### Input records
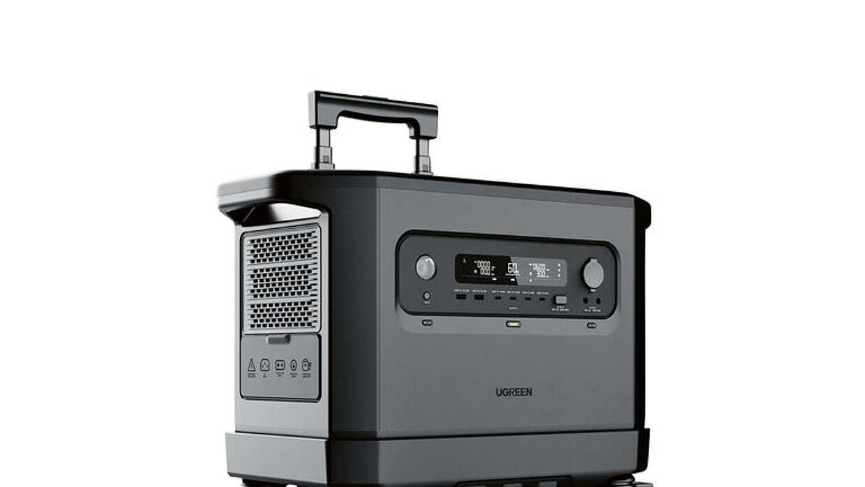 The Nexode 3 in 1 fast charging power bank combines both charger and power bank functionalities in a compact housing with rounded corners and smooth, curved surfaces. With an integrated AC plug and included USB-C cable, it connects directly to power sockets, eliminating the need for separate accessories. The textured cable also serves as a practical lanyard. The arrangement of the display and buttons in a square on the front ensures a clear control layout.
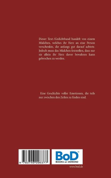 Dieser Text-/Gedichtband handelt von einem Mädchen, welches ihr Herz an eine Person verschenkte, die anfangs gut darauf achtete. Jedoch muss das Mädchen feststellen, dass nur sie allein ihr Herz davor bewahren kann gebrochen zu werden.
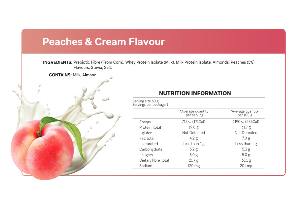 Prebiotic Fibre (From Corn), Whey Protein Isolate, Milk Protein Isolate, Almonds, Peaches, Flavours, Stevia, Salt
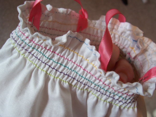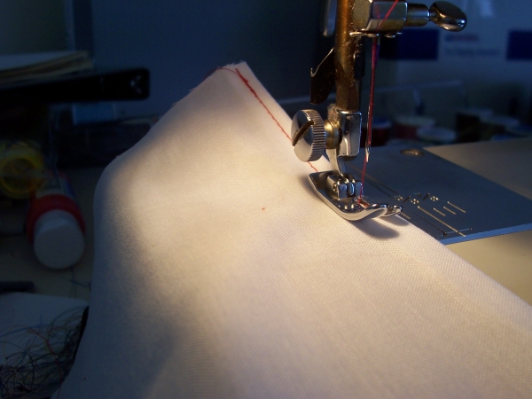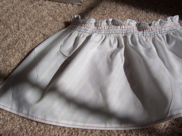 You are now ready to sew. Put in a new thread color if you like, and hem the top of your dress. You should notice the hem gathering up. Don't freak out, we want it to do that!
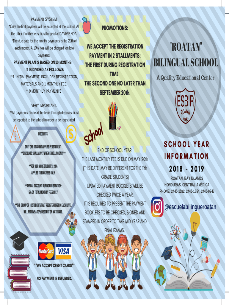 PAYMENT SYSTEM: *Only the first payment will be accepted at the school. All the other monthly fees must be paid at DAVIVIENDA. *The due date for the mostly payments is the 20th of each month. A 10%
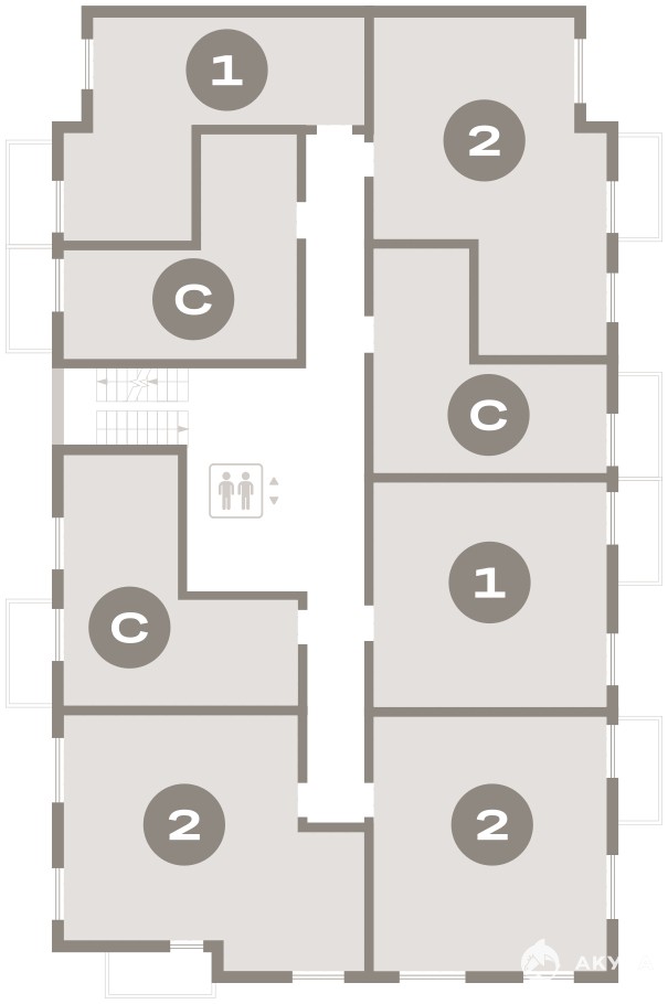 Кроме того, в проекте много террас, и все они разные: на первых этажах, на последних, угловые, с прямым фронтоном. Они расширяют пространство квартир и связывают их с природным контекстом. (AQID02551240)
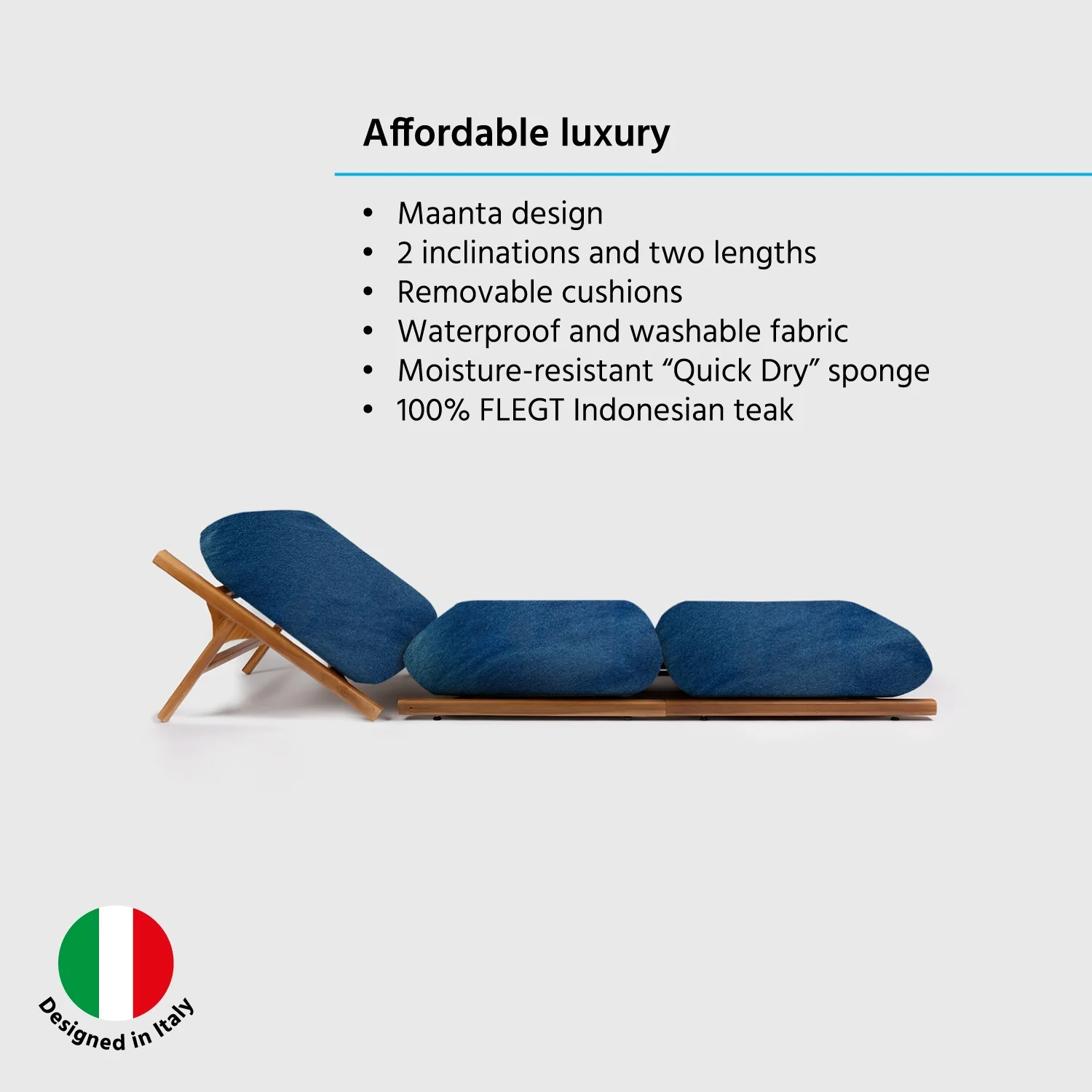 Tuga's modular structure allows you to choose between two different 56° or 36° backrest inclinations, to find the ideal position for reading, relaxing or sunbathing.
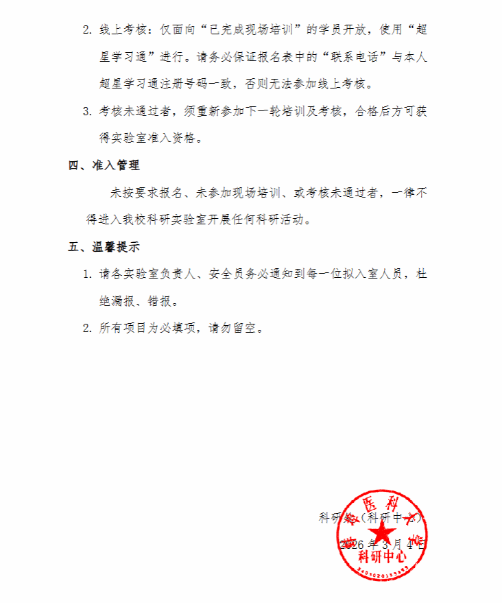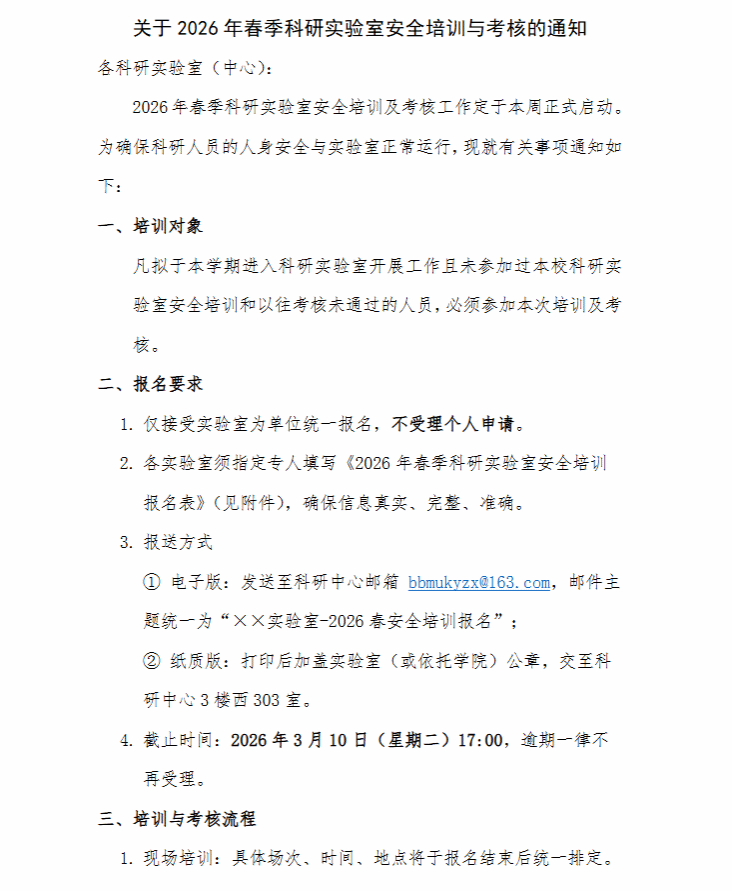 关于2026年春季科研实验室安全培训与考核的通知
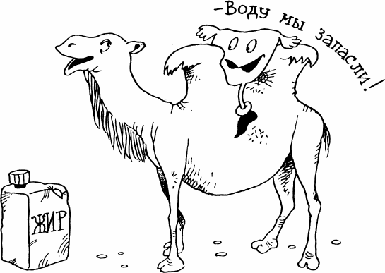 Жиры, как и углеводы, используются в организме вместо дров и, сгорая, отдают в два раза больше энергии, чем углеводы или белки. Поэтому жир в организме запасается впрок. Жир используется и как запас воды, так как после его сгорания вместо углей и пепла остается значительное количество воды. С этой целью в безводных пустынях жиры запасают верблюды. Благодаря запасам жира наши медведи зимой в берлоге не только не голодают, но и не испытывают жажды, хотя многие месяцы не пьют и не едят. Подкожный жир защищает животных от охлаждения. У китов его толщина достигает 70 сантиметров. Кроме того, жир откладывается вокруг важных внутренних органов, сердца, почек, кишечника, предохраняя их от механических повреждений.
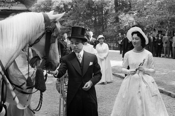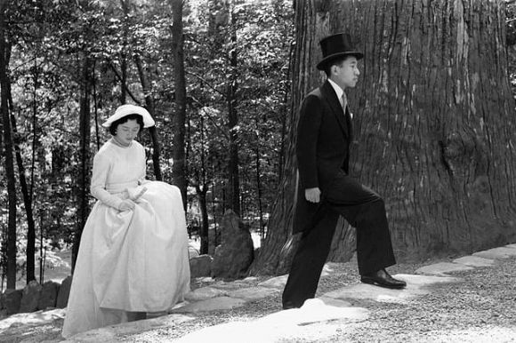 1959年04月18日婚の報告のため伊勢神宮内宮に参拝された当時の皇太子と美智子さま。
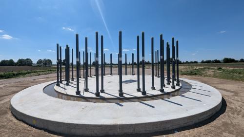 Das Fundament zweier Windkraftanlagen in Nossen-Eulitz nahe Dresden ist bereits gegossen. Darauf entstehen bis Ende dieses Jahres zwei Enercon-Anlagen des Typs E-160 mit einer Nabenhöhe von je 166
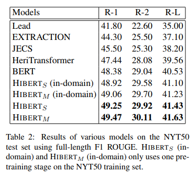 代表论文:HIBERT: Document Level Pre-training of Hierarchical Bidirectional Transformers for Document Summarization
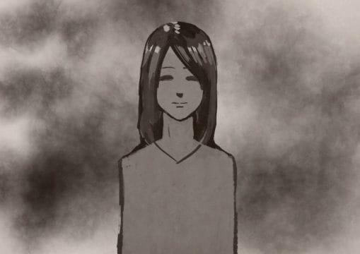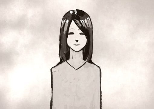 さっきのモヤモヤした背景よりも優しい感じの女性に見えます。

### Requirement
What you return should match the material word for word, apart from the pictures.

### Response for this exercise
 The Nexode 3 in 1 fast charging power bank combines both charger and power bank functionalities in a compact housing with rounded corners and smooth, curved surfaces. With an integrated AC plug and included USB-C cable, it connects directly to power sockets, eliminating the need for separate accessories. The textured cable also serves as a practical lanyard. The arrangement of the display and buttons in a square on the front ensures a clear control layout.
 Dieser Text-/Gedichtband handelt von einem Mädchen, welches ihr Herz an eine Person verschenkte, die anfangs gut darauf achtete. Jedoch muss das Mädchen feststellen, dass nur sie allein ihr Herz davor bewahren kann gebrochen zu werden.
 Prebiotic Fibre (From Corn), Whey Protein Isolate, Milk Protein Isolate, Almonds, Peaches, Flavours, Stevia, Salt
 You are now ready to sew. Put in a new thread color if you like, and hem the top of your dress. You should notice the hem gathering up. Don't freak out, we want it to do that!
 PAYMENT SYSTEM: *Only the first payment will be accepted at the school. All the other monthly fees must be paid at DAVIVIENDA. *The due date for the mostly payments is the 20th of each month. A 10%
 Кроме того, в проекте много террас, и все они разные: на первых этажах, на последних, угловые, с прямым фронтоном. Они расширяют пространство квартир и связывают их с природным контекстом. (AQID02551240)
 Tuga's modular structure allows you to choose between two different 56° or 36° backrest inclinations, to find the ideal position for reading, relaxing or sunbathing.
 关于2026年春季科研实验室安全培训与考核的通知
 Жиры, как и углеводы, используются в организме вместо дров и, сгорая, отдают в два раза больше энергии, чем углеводы или белки. Поэтому жир в организме запасается впрок. Жир используется и как запас воды, так как после его сгорания вместо углей и пепла остается значительное количество воды. С этой целью в безводных пустынях жиры запасают верблюды. Благодаря запасам жира наши медведи зимой в берлоге не только не голодают, но и не испытывают жажды, хотя многие месяцы не пьют и не едят. Подкожный жир защищает животных от охлаждения. У китов его толщина достигает 70 сантиметров. Кроме того, жир откладывается вокруг важных внутренних органов, сердца, почек, кишечника, предохраняя их от механических повреждений.
 1959年04月18日婚の報告のため伊勢神宮内宮に参拝された当時の皇太子と美智子さま。
 Das Fundament zweier Windkraftanlagen in Nossen-Eulitz nahe Dresden ist bereits gegossen. Darauf entstehen bis Ende dieses Jahres zwei Enercon-Anlagen des Typs E-160 mit einer Nabenhöhe von je 166
 代表论文:HIBERT: Document Level Pre-training of Hierarchical Bidirectional Transformers for Document Summarization
 さっきのモヤモヤした背景よりも優しい感じの女性に見えます。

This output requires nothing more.